ASEAN and China on a legally binding code of conduct

Le Luong Minh, the new secretary general of the Association of Southeast Asian Nations, called Wednesday for early talks between ASEAN and China on a legally binding code of conduct to reduce tension over territorial disputes in the South China Sea.

"In the face of complicated developments in the South China Sea…ASEAN should speed up efforts towards an early start of negotiations with China with a view to achieving an early conclusion of a code of conduct on the South China Sea," the former Vietnamese deputy foreign minister said in his inaugural speech at the Jakarta-based ASEAN Secretariat.

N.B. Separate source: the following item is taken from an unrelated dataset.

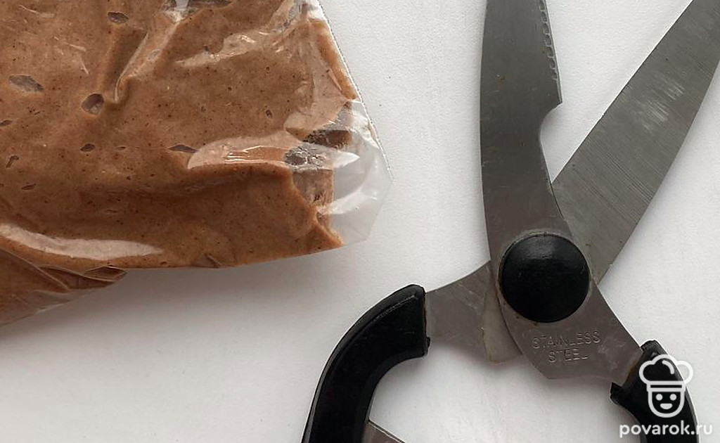 Выложить тесто в кулинарный мешок или пакет, отрезать уголок у пакета.
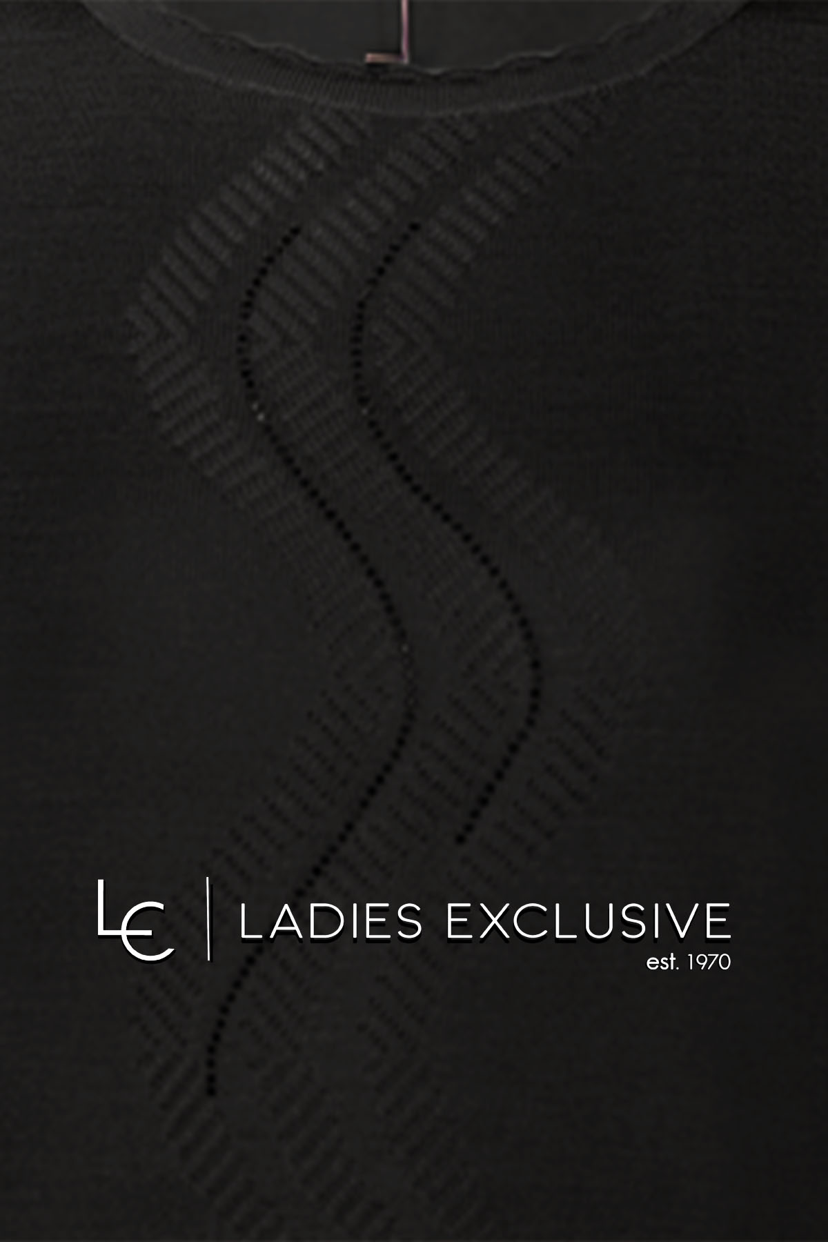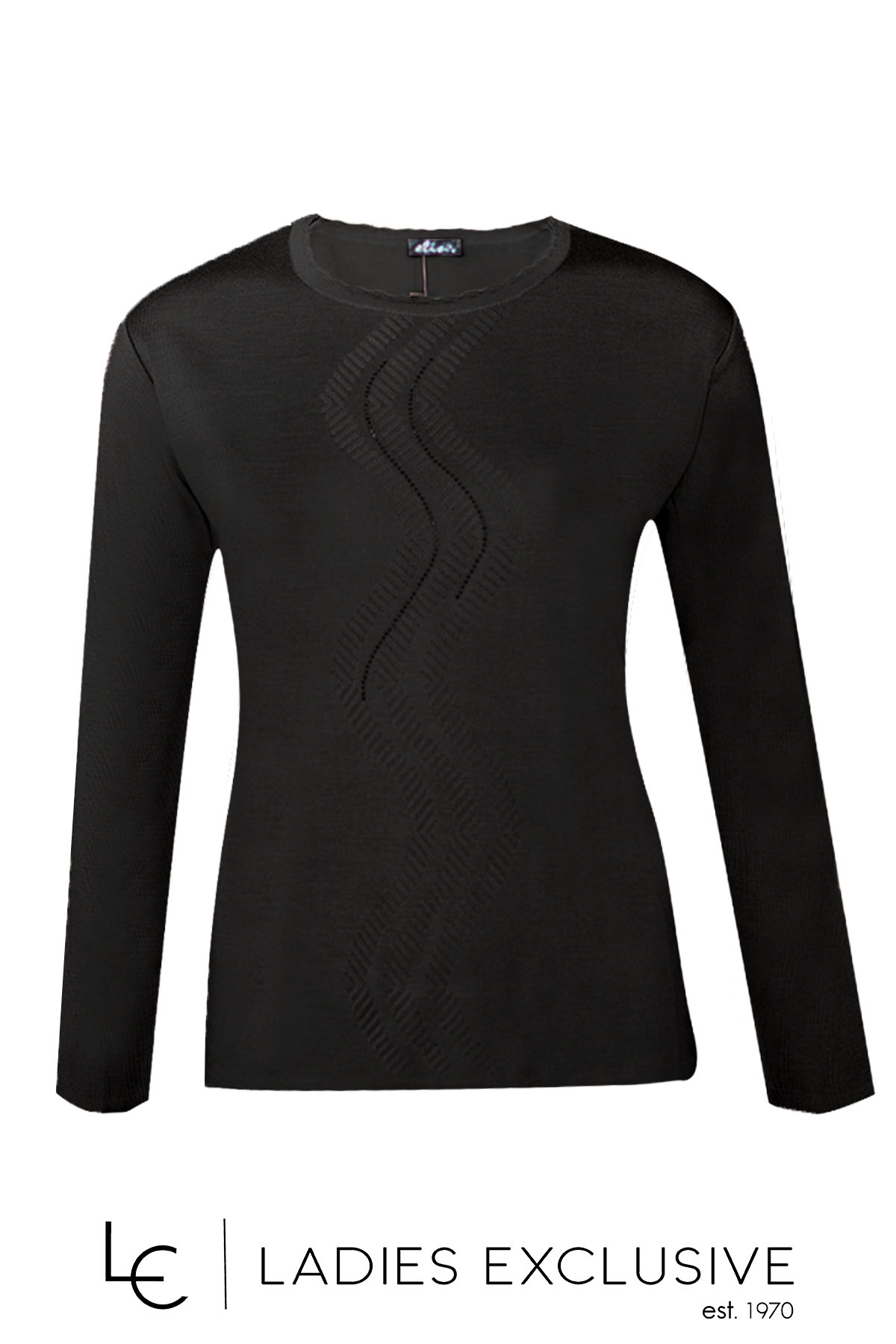 ELIN Μπλούζα μαύρη μάλλινη με σχέδιο στη λαιμόκοψη και ανάγλυφη πλέξη με στρας μπροστά.

Minh officially took over as ASEAN secretary general on Jan. 1 from former Thai Foreign Minister Surin Pitsuwan, whose five-year term of office ended on Dec. 31, but the transfer-of-office ceremony was only held Wednesday.

Minh said that while ASEAN has made progress in the political and security fields, much remains to be achieved, "especially the measures relating to shaping and sharing standard norms of conduct, to confidence building, conflict prevention and resolution."

During a press conference later, Minh said the South China Sea is very important not only for the region, but also for the international peace and stability and maritime security.

"So we hope that ASEAN and China can fully engage to work in the negotiations on the code of conduct in the South China Sea," he told reporters.

The disputes in the South China Sea have periodically erupted into altercations, with standoffs between vessels of rival claimants, ship collisions and even naval clashes, which have heightened tensions in East Asia.

The Spratly Islands are claimed in whole by China, Taiwan and Vietnam, and in part by the Philippines, Malaysia and Brunei.

Other contested areas include the Paracel Islands, over which the navies of China and Vietnam have come to blows in the past, and Scarborough Shoal, an outcrop north of the Spratlys that is hotly disputed between China and the Philippines.

ASEAN also includes non-claimants Cambodia, Indonesia, Laos, Myanmar, Singapore and Thailand.

In the economic realm, Minh said ASEAN, which established a free trade area in 2010, faces enormous challenges with only three years to go to achieve the targeted building of the ASEAN Economic Community by 2015.

"The more open flow of investments, capital, labor, goods and services will pose different challenges and opportunities for our member states, but it will also have a tremendous multiplier effect on the region," he said.